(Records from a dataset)
★ ★ ★
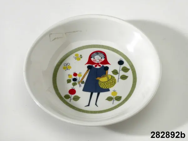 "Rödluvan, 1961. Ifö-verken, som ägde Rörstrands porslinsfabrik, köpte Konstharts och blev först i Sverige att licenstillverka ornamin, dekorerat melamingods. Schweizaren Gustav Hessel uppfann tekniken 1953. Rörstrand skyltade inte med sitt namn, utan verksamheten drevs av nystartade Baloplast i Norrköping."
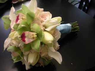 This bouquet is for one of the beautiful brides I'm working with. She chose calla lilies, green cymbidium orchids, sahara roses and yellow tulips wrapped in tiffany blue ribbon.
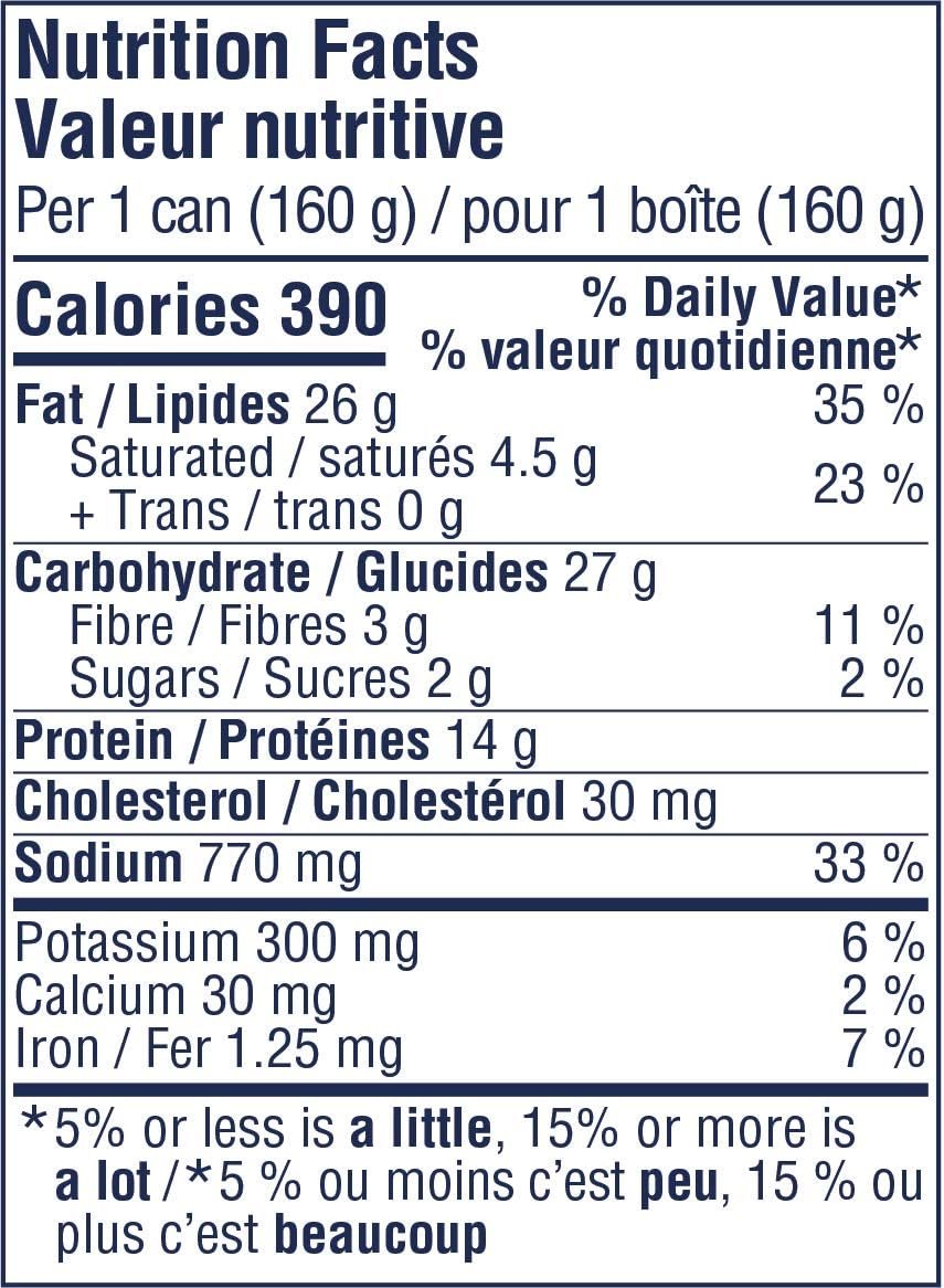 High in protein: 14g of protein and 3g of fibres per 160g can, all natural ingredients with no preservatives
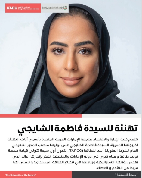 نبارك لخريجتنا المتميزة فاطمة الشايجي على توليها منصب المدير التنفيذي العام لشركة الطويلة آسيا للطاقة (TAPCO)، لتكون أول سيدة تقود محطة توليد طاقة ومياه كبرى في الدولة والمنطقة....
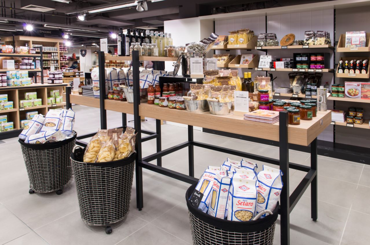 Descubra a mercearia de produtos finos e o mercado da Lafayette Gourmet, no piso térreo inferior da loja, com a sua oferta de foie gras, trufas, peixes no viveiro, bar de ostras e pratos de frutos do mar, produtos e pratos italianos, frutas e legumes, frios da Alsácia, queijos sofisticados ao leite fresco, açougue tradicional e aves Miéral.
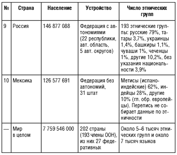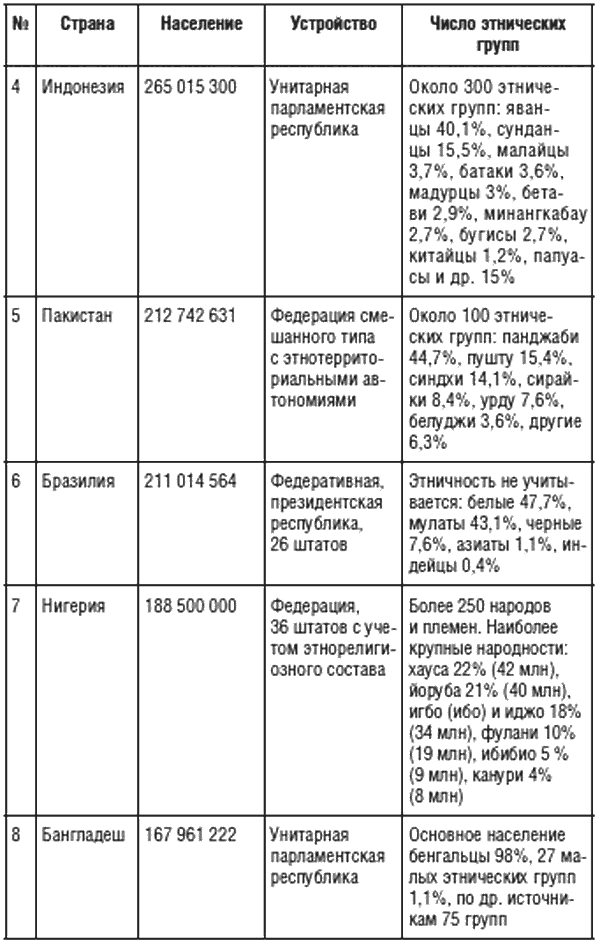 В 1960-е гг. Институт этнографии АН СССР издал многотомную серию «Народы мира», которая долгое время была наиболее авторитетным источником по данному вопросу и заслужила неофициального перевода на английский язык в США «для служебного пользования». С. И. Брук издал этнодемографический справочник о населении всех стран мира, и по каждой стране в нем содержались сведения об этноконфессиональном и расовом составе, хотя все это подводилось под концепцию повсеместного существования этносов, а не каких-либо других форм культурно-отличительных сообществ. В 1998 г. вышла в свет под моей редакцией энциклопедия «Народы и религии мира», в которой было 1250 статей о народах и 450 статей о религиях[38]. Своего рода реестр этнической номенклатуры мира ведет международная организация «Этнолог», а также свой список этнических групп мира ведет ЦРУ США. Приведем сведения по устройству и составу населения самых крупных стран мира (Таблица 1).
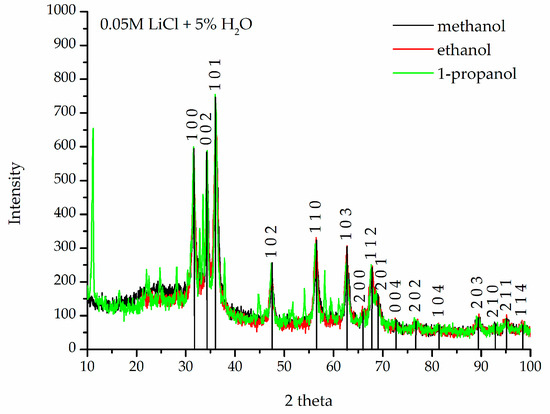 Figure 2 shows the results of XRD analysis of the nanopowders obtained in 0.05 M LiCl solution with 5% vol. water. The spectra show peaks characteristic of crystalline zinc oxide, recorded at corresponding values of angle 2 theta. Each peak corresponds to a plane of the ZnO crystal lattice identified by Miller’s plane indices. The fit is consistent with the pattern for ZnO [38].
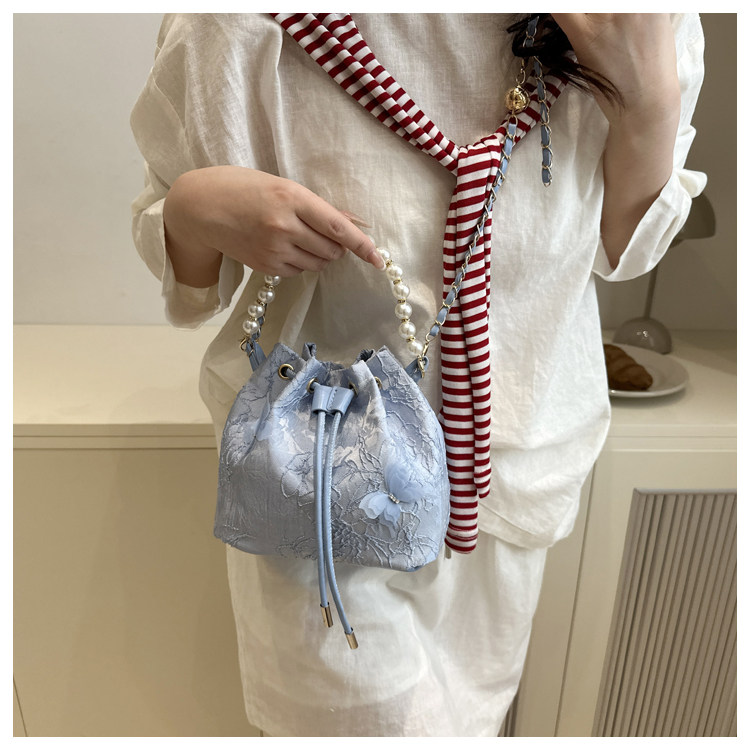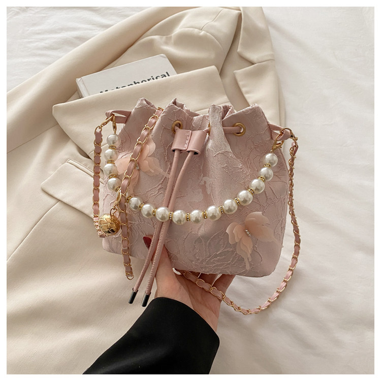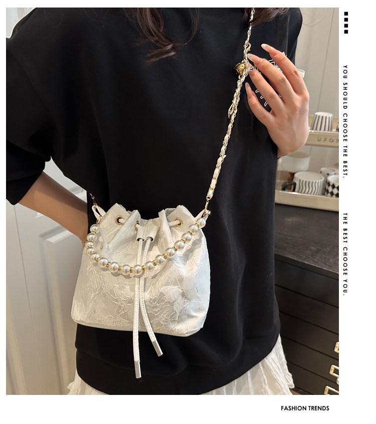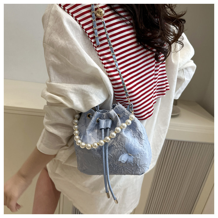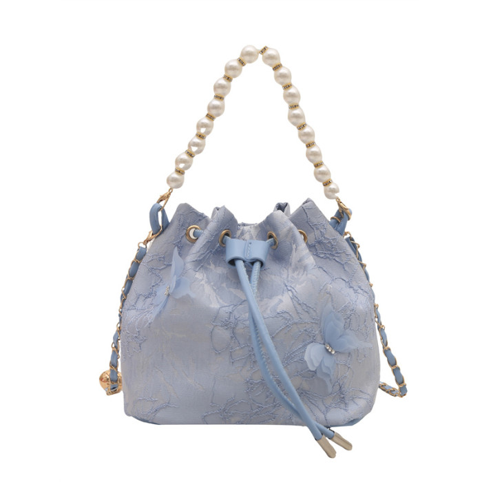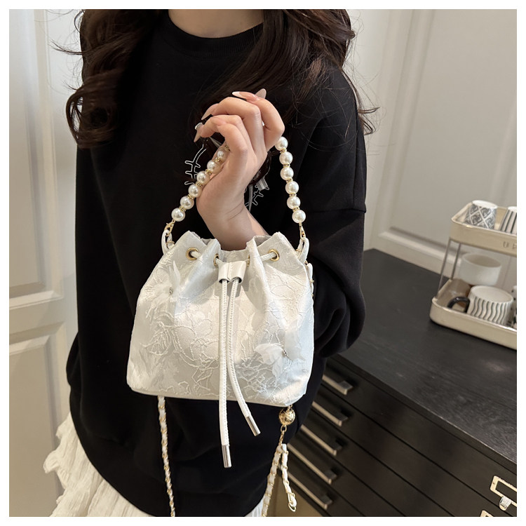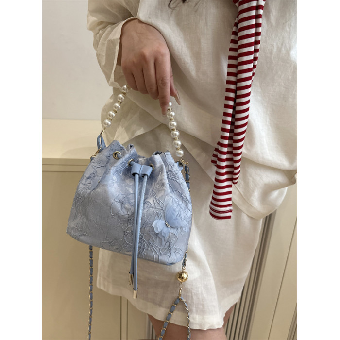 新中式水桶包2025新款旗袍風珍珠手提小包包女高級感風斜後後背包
★ ★ ★
__TASK DETAILS__
Starting at the line containing "High in protein: 14g" and finishing at the line containing "Descubra a mercearia", return those lines exactly as they appear above, without the pictures.

__ANSWER SECTION__
 High in protein: 14g of protein and 3g of fibres per 160g can, all natural ingredients with no preservatives
 نبارك لخريجتنا المتميزة فاطمة الشايجي على توليها منصب المدير التنفيذي العام لشركة الطويلة آسيا للطاقة (TAPCO)، لتكون أول سيدة تقود محطة توليد طاقة ومياه كبرى في الدولة والمنطقة....
 Descubra a mercearia de produtos finos e o mercado da Lafayette Gourmet, no piso térreo inferior da loja, com a sua oferta de foie gras, trufas, peixes no viveiro, bar de ostras e pratos de frutos do mar, produtos e pratos italianos, frutas e legumes, frios da Alsácia, queijos sofisticados ao leite fresco, açougue tradicional e aves Miéral.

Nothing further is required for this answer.